_Data supplied_:

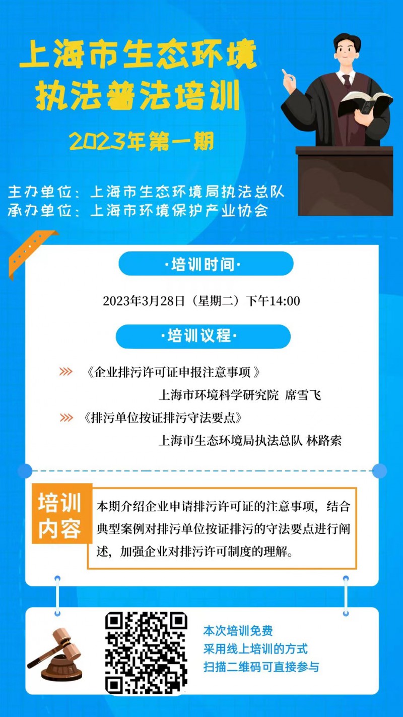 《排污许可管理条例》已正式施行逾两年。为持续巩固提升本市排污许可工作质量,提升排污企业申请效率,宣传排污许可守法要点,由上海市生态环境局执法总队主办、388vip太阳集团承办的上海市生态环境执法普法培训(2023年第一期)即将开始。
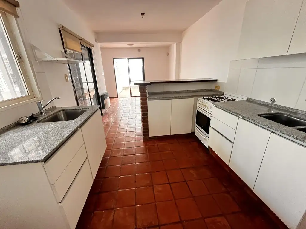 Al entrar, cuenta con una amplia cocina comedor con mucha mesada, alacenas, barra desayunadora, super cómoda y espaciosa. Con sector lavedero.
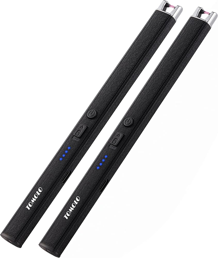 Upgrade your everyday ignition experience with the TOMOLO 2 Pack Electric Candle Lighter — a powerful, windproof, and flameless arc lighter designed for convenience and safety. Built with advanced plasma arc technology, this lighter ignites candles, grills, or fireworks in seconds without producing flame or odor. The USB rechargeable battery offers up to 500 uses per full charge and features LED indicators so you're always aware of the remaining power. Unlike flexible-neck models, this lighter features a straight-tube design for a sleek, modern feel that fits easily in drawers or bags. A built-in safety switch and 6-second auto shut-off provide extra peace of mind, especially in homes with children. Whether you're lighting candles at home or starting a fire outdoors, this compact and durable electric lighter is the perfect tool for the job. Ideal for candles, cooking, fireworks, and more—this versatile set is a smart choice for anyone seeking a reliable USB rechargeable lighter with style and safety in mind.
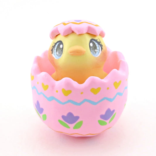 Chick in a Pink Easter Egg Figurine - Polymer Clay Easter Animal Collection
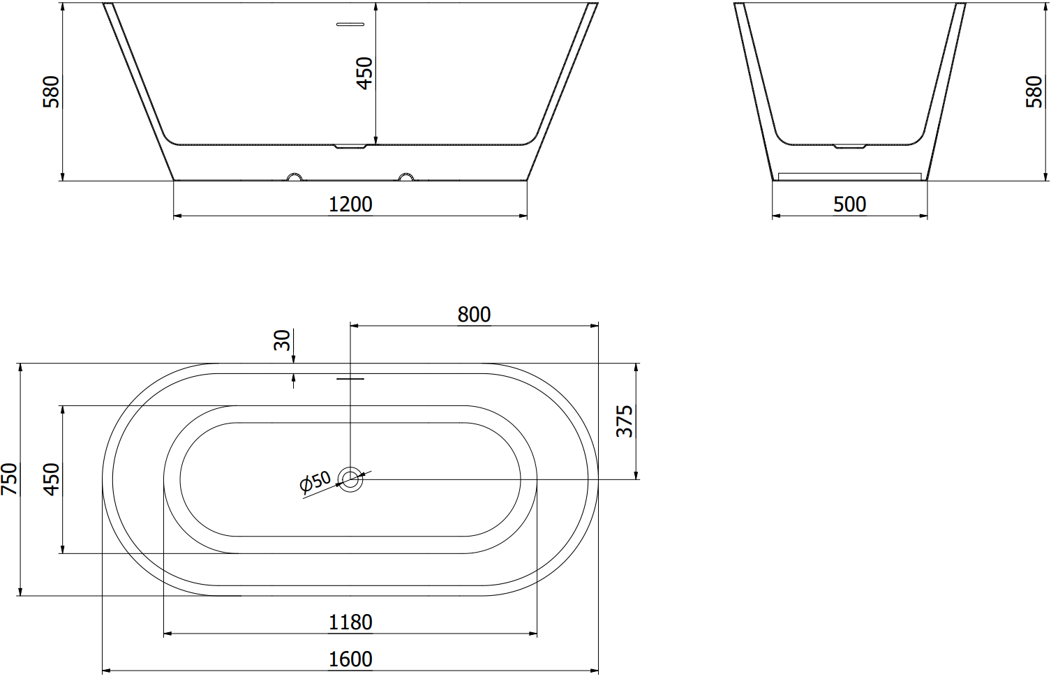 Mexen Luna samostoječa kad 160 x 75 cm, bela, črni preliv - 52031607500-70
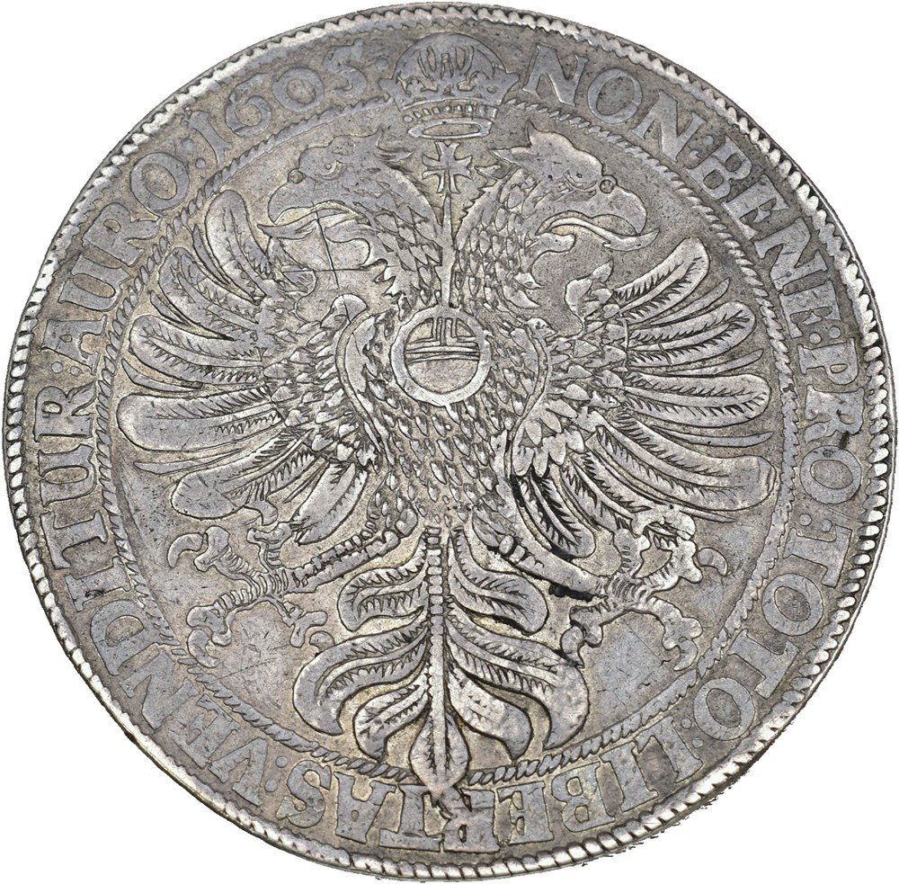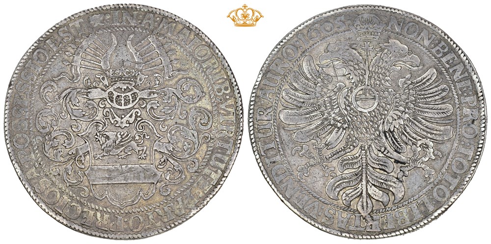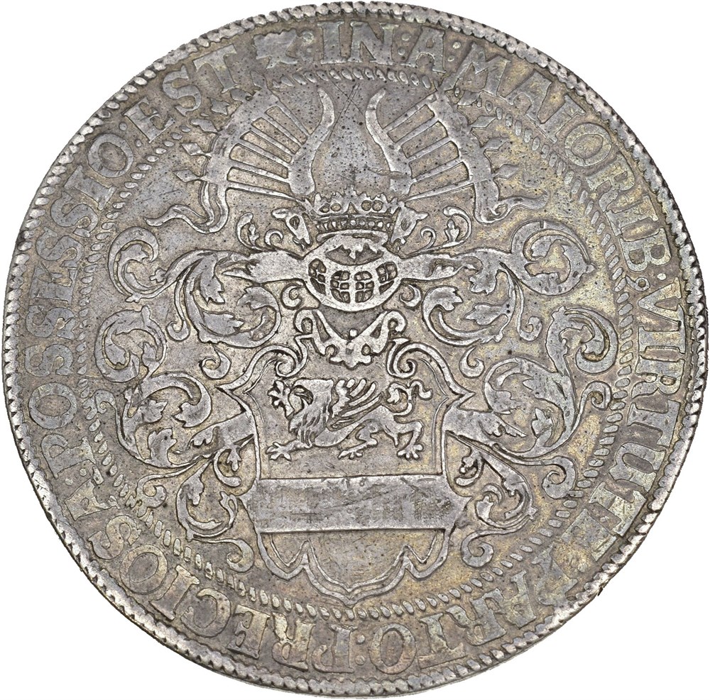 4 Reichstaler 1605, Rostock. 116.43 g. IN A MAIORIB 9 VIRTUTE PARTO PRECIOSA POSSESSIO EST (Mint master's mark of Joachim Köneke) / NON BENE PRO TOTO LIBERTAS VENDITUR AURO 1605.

_Exercise brief_:
The whole listing above, line by line, needs to be copied exactly, except for any images.

_Response box_:
 《排污许可管理条例》已正式施行逾两年。为持续巩固提升本市排污许可工作质量,提升排污企业申请效率,宣传排污许可守法要点,由上海市生态环境局执法总队主办、388vip太阳集团承办的上海市生态环境执法普法培训(2023年第一期)即将开始。
 Al entrar, cuenta con una amplia cocina comedor con mucha mesada, alacenas, barra desayunadora, super cómoda y espaciosa. Con sector lavedero.
 Upgrade your everyday ignition experience with the TOMOLO 2 Pack Electric Candle Lighter — a powerful, windproof, and flameless arc lighter designed for convenience and safety. Built with advanced plasma arc technology, this lighter ignites candles, grills, or fireworks in seconds without producing flame or odor. The USB rechargeable battery offers up to 500 uses per full charge and features LED indicators so you're always aware of the remaining power. Unlike flexible-neck models, this lighter features a straight-tube design for a sleek, modern feel that fits easily in drawers or bags. A built-in safety switch and 6-second auto shut-off provide extra peace of mind, especially in homes with children. Whether you're lighting candles at home or starting a fire outdoors, this compact and durable electric lighter is the perfect tool for the job. Ideal for candles, cooking, fireworks, and more—this versatile set is a smart choice for anyone seeking a reliable USB rechargeable lighter with style and safety in mind.
 Chick in a Pink Easter Egg Figurine - Polymer Clay Easter Animal Collection
 Mexen Luna samostoječa kad 160 x 75 cm, bela, črni preliv - 52031607500-70
 4 Reichstaler 1605, Rostock. 116.43 g. IN A MAIORIB 9 VIRTUTE PARTO PRECIOSA POSSESSIO EST (Mint master's mark of Joachim Köneke) / NON BENE PRO TOTO LIBERTAS VENDITUR AURO 1605.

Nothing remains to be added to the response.